In this communication, we wish to describe the preparation of the previously unknown 3-methyl-1,2-butadiene-1,1-diphosphonic acid, (3), and its structural elucidation. We used 3-methyl-1,2-butadiene-1,1-diphosphonic tetraethyl ester, (1), as a convenient precursor for the synthesis of the acid (3) by a procedure recently developed in our laboratory (Angelov, 2002). By replacing the ethyl groups in (I) with trimethylsilyl groups, we were able to prepare 3-methyl-1,2-butadiene-1,1-diphosphonic tetrakis(trimethylsilyl) ester, (2). Hydrolysis of (2) [31P NMR (CDCl3), p.p.m.: δ (versus. ext. 85% H3PO4) -7.90] with methanol afforded the acid (3). Compound (3) [31P NMR (CDCl3), p.p.m.: δ(versus. ext. 85% H3PO4) 3.42] is a colorless hygroscopic powder which quickly absorbs moisture and becomes an oil. We stabilized (3) by treatment with one molar equivalent of aniline, and were able to prepare a stable anilinium salt (4).
In the solid-state structure of (4), both the Me2C═C═ C{PO(OH)2}{PO2(OH)}- ion and the associated anilinium ion are situated upon a crystallographic mirror plane (0,y,z) (primed atoms are related to unprimed ones via this plane). As shown in Fig. 1, this mirror plane contains atoms C1–C5 of the anion and N/C6/C9 of the PhNH3+ ion. The allenic unit is essentially linear [C1—C2—C3 = 176.5 (4)°], with the C1—C2 [1.308 (5) Å] and C2—C3 [1.298 (5) Å] distances approximately equal. Despite the mirror plane, atom O1' is drawn without a hydroxylic H atom. This is due to a hydrogen-bonded interaction with an adjacent twofold-related molecule (see below).
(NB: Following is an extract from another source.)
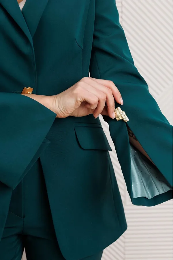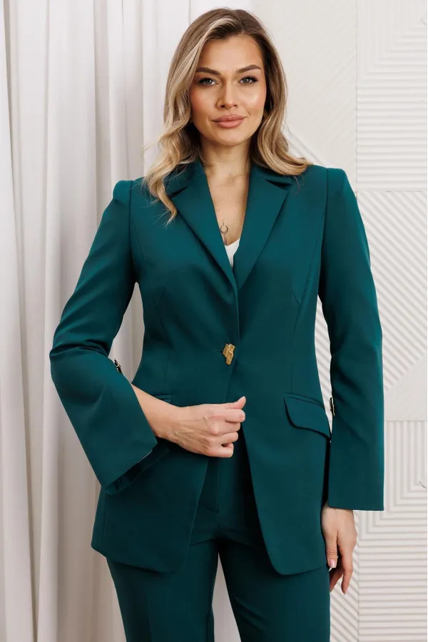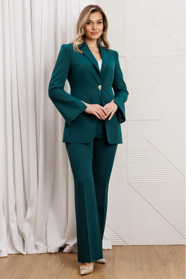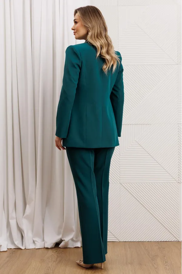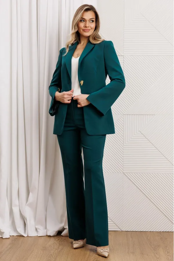 Деловой комплект, состоящий из жакета и брюк. Жакет - воплощение стильной трансформации. Его классический крой выполнен из безупречной костюмной ткани, но в деталях скрывается своенравный характер. Жакет полуприлегающего силуэта. Модель отличается аккуратным кроем и стильными деталями. На передней части жакета обработаны вертикальные рельефы, идущие от проймы до уровня кармана и от кармана до низа, что придаёт силуэту выразительность и стройность. Воротник пиджачного типа добавляет классической элегантности. Застёжка центральная бортовая на петлю-пуговицу. Карманы в рамке с клапанами, гармонично расположены на передней части жакета. Спинка с центральным швом и вертикальными рельефами, идущими от проймы. Рукава двухшовные с отрезной деталью по окату и разрезами внизу добавляют свободы движению и делают модель более интересной. Жакет на подкладке. Брюки с высокой посадкой, по линии талии – притачной пояс, в боковых швах резинка. Застежка на молнию.

Fig. 2 illustrates the interactions between adjacent anilinium and diphosphonate ions (the relevant hydrogen-bond parameters are given in Table 2). Adjacent diphosphonate ions form hydrogen-bonded interactions in two different manners. A chain interaction is observed between O1—H1 and the O1 atom (indicated as O1'') related by the (1/4,y,1/4) twofold axis, in which the O1—H1 and O1*···H1 distances are equal [1.209(3 Å], due to the location of H1 upon the twofold axis. A cyclic interaction is also formed about the inversion center (1/4,1/4,0) by O2—H2 and the inversion-generated O3 atom (indicated as O3*), with O3 being hydrogen bonded to O2*-H2*. As might be seen in Fig. 1, one of the ammonium H atoms of the anilinium ion is within 2.24 (4) Å of both O1 and O1', forming a cyclic C(—P═O···)2H unit. A closer [1.87 (3) Å], more linear interaction is formed between the anilinium H1B atom and O3''.